Pesticide resistance in arthropods is a serious problem that costs farmers millions, if not billions, of dollars each year. Currently, more than 500 different species of arthropods are resistant to a wide variety of chemicals (http://pesticideresistance.org). Cases of resistance have been reported from 168 countries, making it a truly global phenomenon. Some pests are resistant to a single compound; however, many of them are simultaneously resistant to several related, or even unrelated chemicals. New cases of resistance are being continuously detected in a wide variety of crops, and no commercial grower can consider himself (or herself) to be completely immune from this problem.
Process of Resistance Development
Development of insecticide resistance in insect populations is a typical evolutionary process driven by survival of the fittest individuals. Initially, resistant insects result from random mutations caused by some internal (e.g., various molecules bumping against DNA in their chromosomes) or external (e.g., solar radiation) factors. As is usually the case for most oddball individuals, resistant mutants do not do very well among the general population under normal conditions. Their survivorship and reproductive success is usually lower than that of their susceptible peers.

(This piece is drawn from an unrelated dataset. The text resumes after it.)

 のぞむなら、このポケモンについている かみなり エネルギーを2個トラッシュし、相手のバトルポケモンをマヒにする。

Therefore, relatively few of them persist in a population that is not exposed to a particular insecticide to which they have developed resistance.

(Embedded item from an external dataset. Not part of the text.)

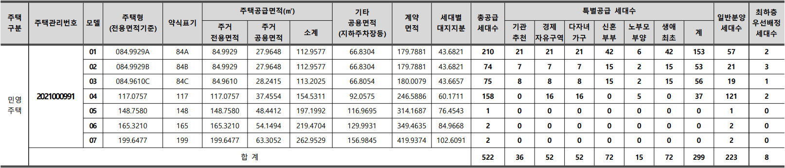 [특별공급 299세대(일반[기관추천] 36세대, 경제자유구역 52세대, 다자녀가구 52세대, 신혼부부 72세대, 노부모부양 15세대 생애최초 72세대 포함)] 및 부대복리시설

The situation changes dramatically when such an insecticide is being applied. Resistant insects find themselves in a position of a class nerd who made a fortune in computer business and flies his private jet to a high school reunion. The chemical is killing off susceptible genotypes, while resistant mutants survive and thrive in the absence of competition. Pretty soon, their numbers increase to the densities sufficient for causing economically significant damage.
Below is the schematic diagram outlining the process of resistance development (Fig. 1):
Most commonly, insects become resistant to a single chemical to which they were exposed. However, in some cases selection by one pesticide results in resistance to one or more other pesticides. Usually (but not always) these pesticides have similar chemistry and mode of action. This phenomenon is known as cross-resistance. In other cases, simultaneous and/or successive selection by several different pesticides may result in resistance to all of them. This phenomenon is known as multiple resistance.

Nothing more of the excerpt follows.